**What needs to be done:** Print the listing below only from the line that has "Ami Paris Elastic" through the line that has "The volatility of", exactly, and drop any picture.

───── Given records ─────

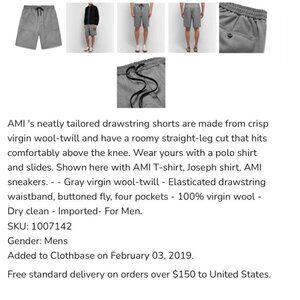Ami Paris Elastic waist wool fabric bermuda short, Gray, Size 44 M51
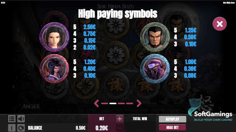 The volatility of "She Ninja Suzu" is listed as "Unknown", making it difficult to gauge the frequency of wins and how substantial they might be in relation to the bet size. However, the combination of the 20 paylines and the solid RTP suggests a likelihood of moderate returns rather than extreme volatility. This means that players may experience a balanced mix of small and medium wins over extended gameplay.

─────
───── Given records ─────

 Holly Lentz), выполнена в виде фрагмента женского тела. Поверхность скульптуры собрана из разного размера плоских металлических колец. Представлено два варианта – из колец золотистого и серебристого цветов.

─────

**Answer section:**
Ami Paris Elastic waist wool fabric bermuda short, Gray, Size 44 M51
 The volatility of "She Ninja Suzu" is listed as "Unknown", making it difficult to gauge the frequency of wins and how substantial they might be in relation to the bet size. However, the combination of the 20 paylines and the solid RTP suggests a likelihood of moderate returns rather than extreme volatility. This means that players may experience a balanced mix of small and medium wins over extended gameplay.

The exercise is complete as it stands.